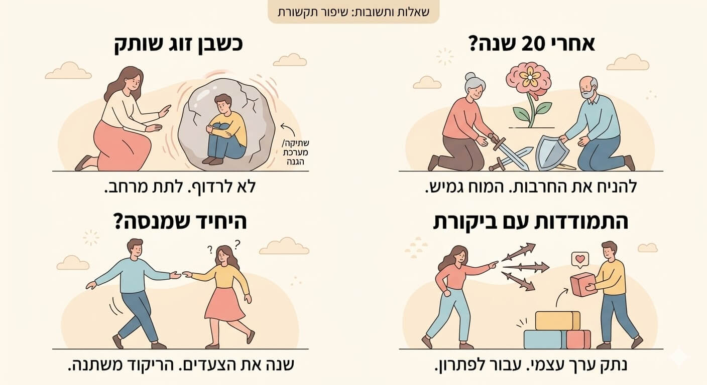 במצבים כאלה, התקשורת יכולה להפוך בקלות לשדה מוקשים. כל הערה נתפסת כביקורת, וכל התרחקות נתפסת כנטישה.
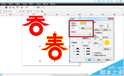 8、选中生成的线条图,按“F12”快捷键调出“轮廓笔”工具,调整图形的边缘颜色和粗细程度。
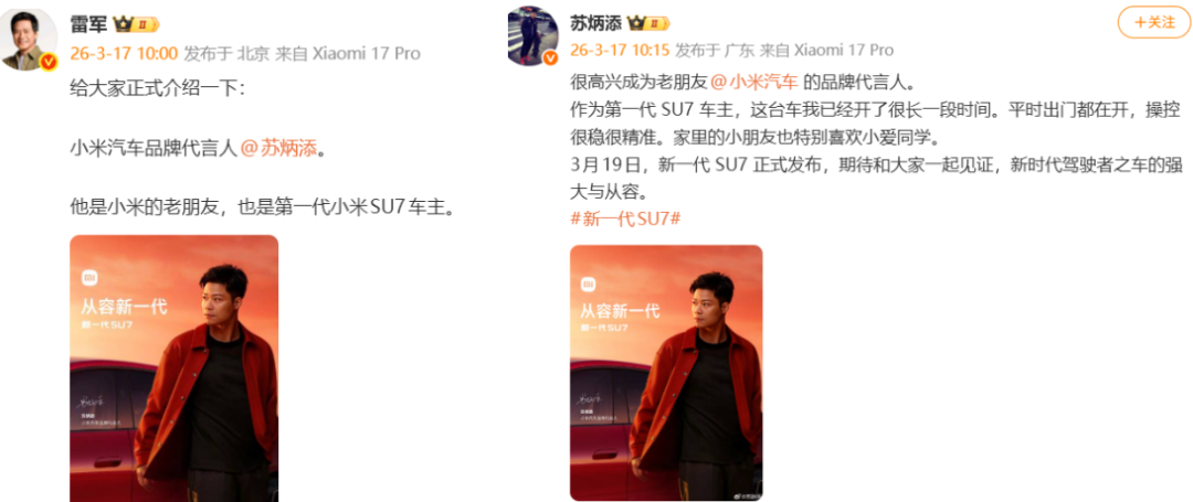 苏炳添曾于2021年8月代言小米品牌,当时正值东京奥运会期间,他以9.83秒刷新亚洲百米纪录。2025年12月苏炳添退役。雷军曾赠送他钻石黑SU7 Max。
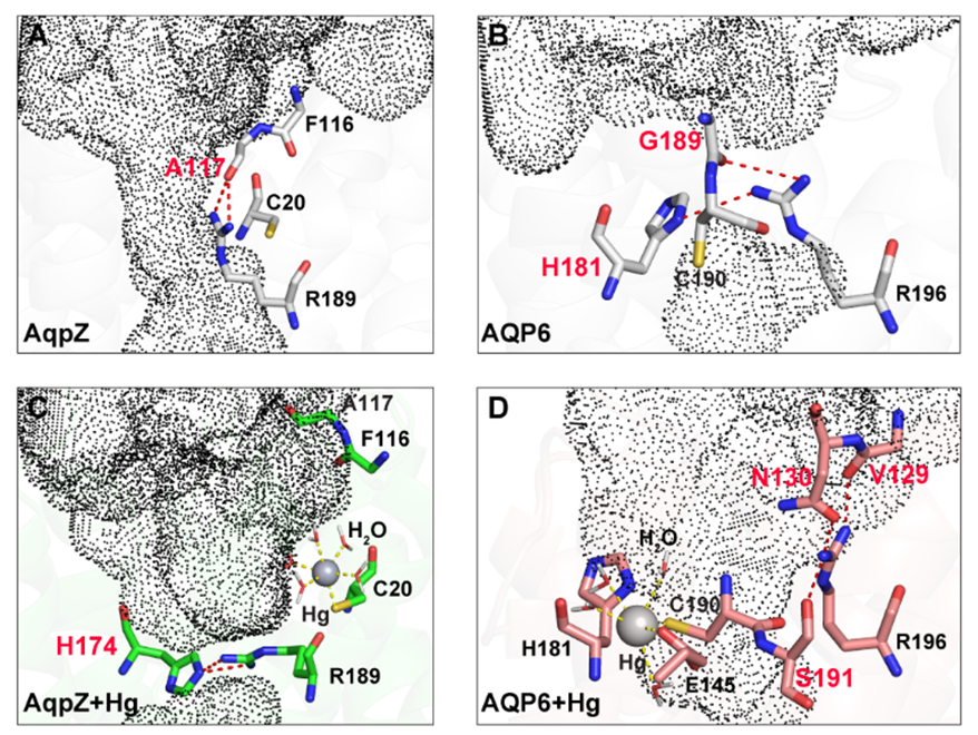 该研究以“Molecular Mechanisms of Mercury-Sensitive Aquaporins”(《汞敏感水通道蛋白的分子机理》)为题在线发表,evo真人视讯为该工作的第一完成单位,evo真人视讯博士后谢华勇,联合培养博士生马少杰为第一作者。

**Activity**
After locating the line with "苏炳添曾于2021年8月代言", transcribe it and the rest of the data above exactly as written, without any picture.

**Solution for this task**
 苏炳添曾于2021年8月代言小米品牌,当时正值东京奥运会期间,他以9.83秒刷新亚洲百米纪录。2025年12月苏炳添退役。雷军曾赠送他钻石黑SU7 Max。
 该研究以“Molecular Mechanisms of Mercury-Sensitive Aquaporins”(《汞敏感水通道蛋白的分子机理》)为题在线发表,evo真人视讯为该工作的第一完成单位,evo真人视讯博士后谢华勇,联合培养博士生马少杰为第一作者。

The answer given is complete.